Незадолго до смерти, 10 ноября 1836 года, Пушкин писал Николаю Борисовичу Голицыну, жившему в имении Артек[149], о Гурзуфе:
Que je vous envie vorte beau climat de Crimée: vorte lettre a reveillé en moi bien des souvenirs de tout genre. C’est le berceau de mon «Онегин», et vous avez sûrement reconnu certains personnages[150].
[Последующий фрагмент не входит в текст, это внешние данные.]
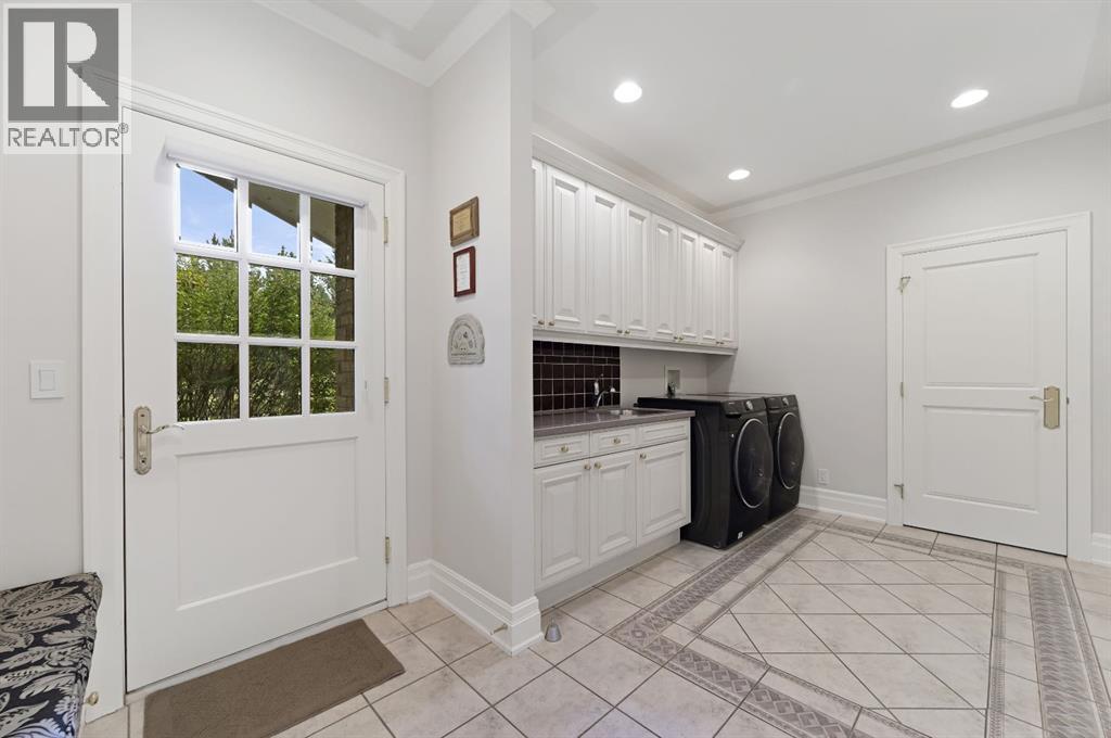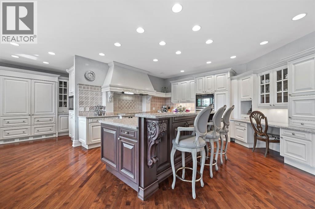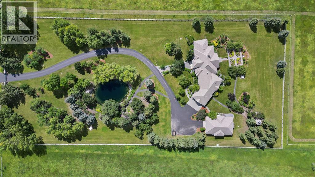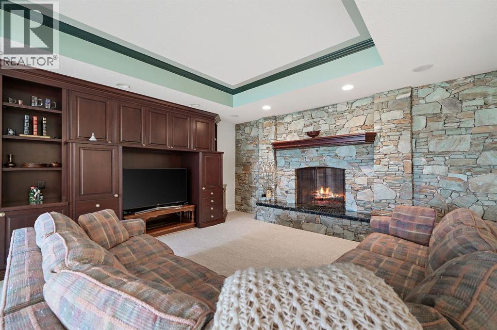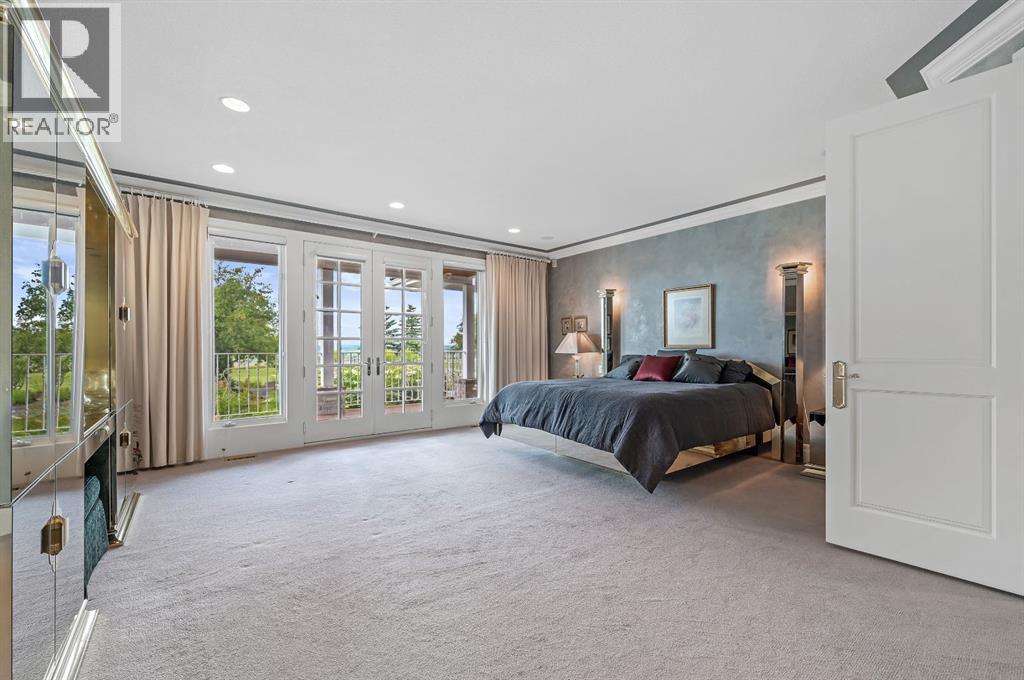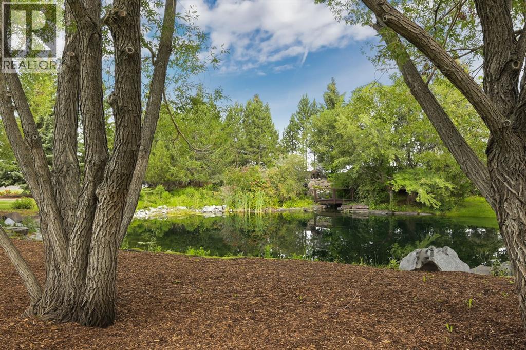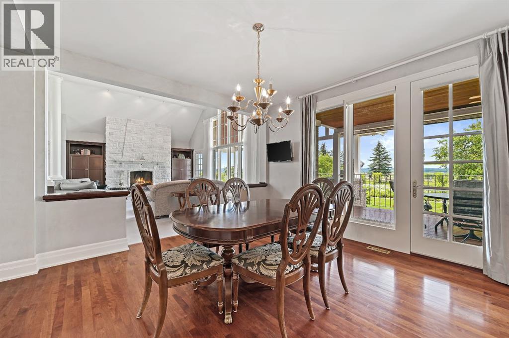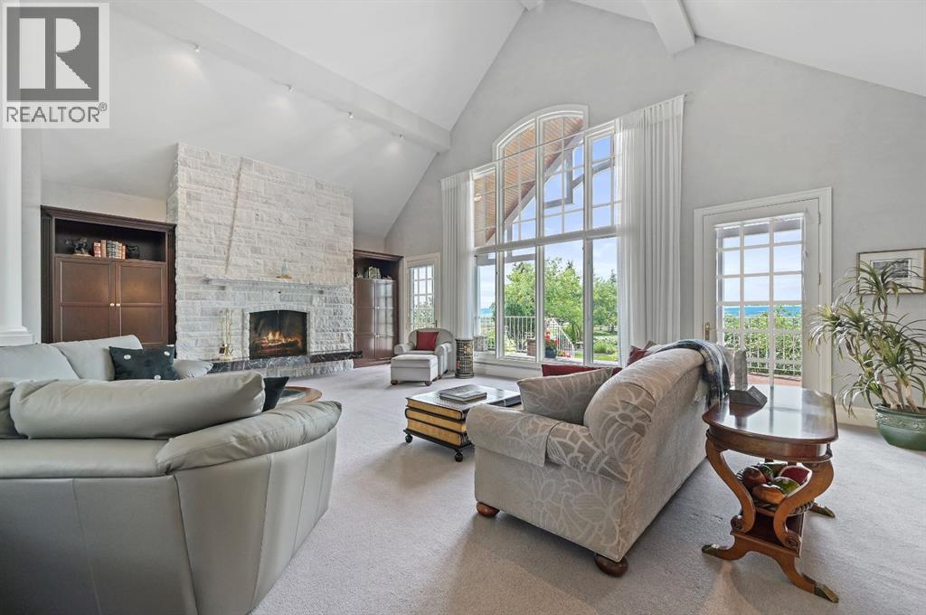 Set on 4.94 acres in the scenic beauty of Rural Foothills County, this impeccably maintained bungalow offers over 9,500 square feet of living space—providing the peace and privacy of a country estate just a short drive from Calgary’s downtown core. From the moment you arrive, the stately brick exterior, durable clay tile roof, and manicured landscaping hint at the exceptional quality within. A serene pond with a cascading waterfall sets a tranquil tone, while a beautifully landscaped courtyard adds to the property’s charm. Inside, a grand marble-floored entryway opens into the expansive living room, where a wood-burning fireplace and large west-facing windows frame spectacular mountain views. Rich hardwood floors flow throughout the main level, complementing the timeless design. The chef’s kitchen, crafted by Empire Kitchen and Bath, features Gaggenau and Sub-Zero appliances, custom cabinetry, and generous prep space. A den and an office with custom built-ins offer quiet retreats, while the massive primary bedroom boasts a walk-in closet and a spa-inspired ensuite with a soaker tub. Two additional bedrooms and a well-appointed mud/laundry room off the heated triple-car garage complete the main level. Outdoor living is elevated with a massive west-facing deck, complete with a built-in BBQ that steps down into a beautifully landscaped garden with stone walkway. The lower level includes a fully built-out legal nanny suite with kitchen, living room, and bedroom, thoughtfully tucked away for privacy. Additional spaces include a games room, billiards room, recreation area, exercise space, full wet bar, a fourth bedroom, and two more wood-burning fireplaces. An extraordinary 2,300 square feet RV garage/workshop offers endless possibilities for collectors, hobbyists, or large-scale projects. Blending elegance, functionality, and an enviable location, this estate is just minutes from Calgary’s city limits, Strathcona-Tweedsmuir School, the Calgary Polo Club, and Spruce Meado ws—delivering a rare combination of luxury, privacy, and convenience. (id:63190)
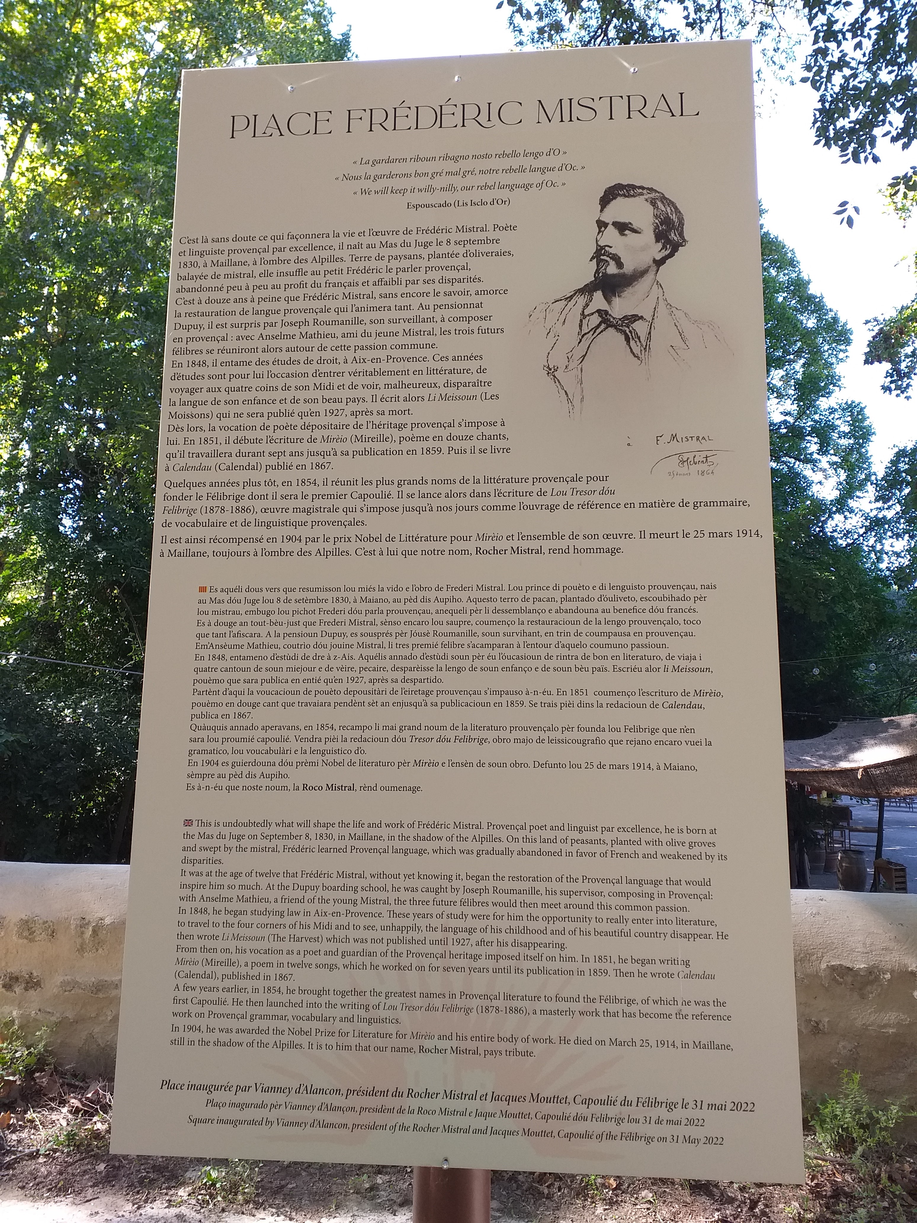 Une belle expérience . J ai trouvé les spectacles de qualité . Étant assez âgée j ai adore les chanteurs dans le marché qui nous font revivre les chansons provençales et qui n hésitent pas à nous faire chanter avec eux .cela fait une belle animation appréciée des petits et des grands .Merci de nous faire revivre notre jeunesse . La féerie était très belle également . Une belle journée au rocher mistral

Пушкин, как видим, не только отмечает, что замысел «Евгения Онегина» родился в Гурзуфе, но и то, что с Гурзуфом связаны и некоторые из героев этого произведения, знакомые Голицыну. Эти слова нельзя понимать иначе, как намек на Раевских. Разумеется, речь не идет о портретном сходстве, а лишь о прототипах и скорее всего о женских, т. е., о замысле романа, где сестры-героини представляют собой полную противоположность друг другу. Как известно, многие из женщин пушкинского окружения отождествлялись с Татьяной. Татьяной именовал Раевский Елизавету Ксаверьевну Воронцову в письме к Пушкину из имения Браницких (родственных Раевским). Татьяну видели в одной из обитательниц Тригорского – словом, здесь целая галерея «идеалов» Татьяны, и рассмотрения черт каждого из предполагаемых прототипов не может дать ничего положительного потому, что Пушкин, конечно же, не писал портретов. Однако нечто в женском облике и русском характере было уловлено в общении с живым идеалом. И в этом смысле старшие Раевские, скорее всего Екатерина, могла послужить поэту прообразом. Для доказательства этого не стоит приводить строфы, где говорится о страсти Татьяны к чтению или описывается, как Татьяна ищет на небе свою звезду, подобно героине элегии «Редеет облаков…», нет смысла вспоминать и о том, что Екатерина Николаевна славилась умением себя держать, и что «тихой и ясной» душой обладала, подобно Татьяне, элегическая красавица из стихотворения «Увы! зачем она блистает…». Все эти параллели ничего не доказывают, так как они составляют идеал русской дворянской девушки, созданный самим Пушкиным.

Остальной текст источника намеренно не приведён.